Currently patients with GA in the United States have only one option available, an anti-complement therapy, which requires multiple injections and only addresses one aspect of the disease. Ocugen believes that OCU410 addresses multiple aspects of the disease beyond the complement pathway and has the potential to change the treatment paradigm for GA.
Insmed
Insmed’s most advanced pipeline candidate is brensocatib, which is being developed as a potential treatment for multiple neutrophil-driven inflammatory conditions. In May 2024, management reported positive top-line results from the late-stage ASPEN study, which evaluated brensocatib in patients with bronchiectasis. Treatment with the drug achieved statistically significant and clinically meaningful reductions in the annualized rate of pulmonary exacerbations (or episodes of worsening disease symptoms) compared with placebo. These results highlight the potential of brensocatib as a new standard of care in bronchiectasis indication. Based on these results, Insmed expects to submit a regulatory filing for brensocatib in bronchiectasis shortly.
If approved, brensocatib will be the first approved treatment for bronchiectasis. Management expects a commercial launch for the drug in the United States in mid-2025, followed by product launches in Europe and Japan in 2026. Given that there are currently no approved therapies to treat this disorder, we expect the drug to have a blockbuster potential.

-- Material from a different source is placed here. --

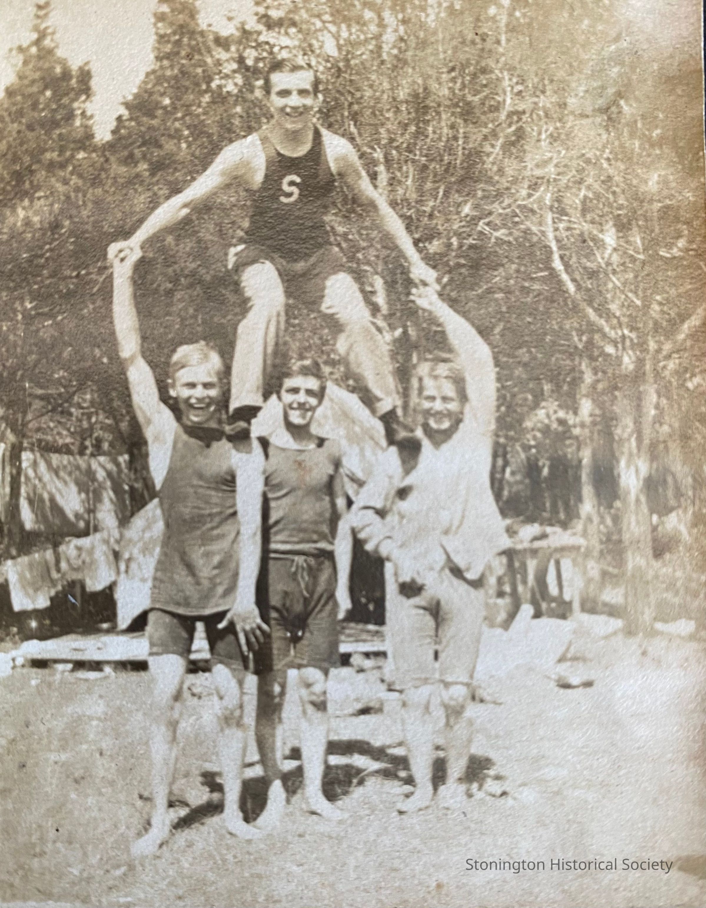 Photograph album, black paper pages, snapshots and news clippings related to "Camp Goodenough", a summer camping trip held annually at alternate locations including Ledward's (Elihu) Island, Masons Island, Wamphasset Point and Oxecosset, 1906-1932. Most photographs unidentified, but associated campers include August O. Muller, Dean Fairbrother, Charles H. Cushman, Joseph Cushman, William J. Robinson, J. Murray Henry, James E. Pollard, George E. Stanton, William D. Black, Leslier T. Gager, William A. Armstrong, Dr. Lester Gager

The candidate is also being evaluated in separate clinical studies for other neutrophil-driven inflammatory conditions like chronic rhinosinusitis without nasal polyps (CRSsNP) and hidradenitis suppurativa. Top-line data from the phase IIb BiRCh study in CRSsNP is expected in the second half of 2025.
Sales of Insmed’s sole marketed drug, Arikayce, for treating refractory mycobacterium avium complex lung disease, have been growing steadily. Insmed is also conducting late-stage studies to expand Arikayce’s label and to treat newly-infected patients.
The company is also evaluating another pipeline drug, treprostinil palmitil inhalation powder, in separate mid-stage studies for pulmonary hypertension associated with interstitial lung disease and pulmonary arterial hypertension indications.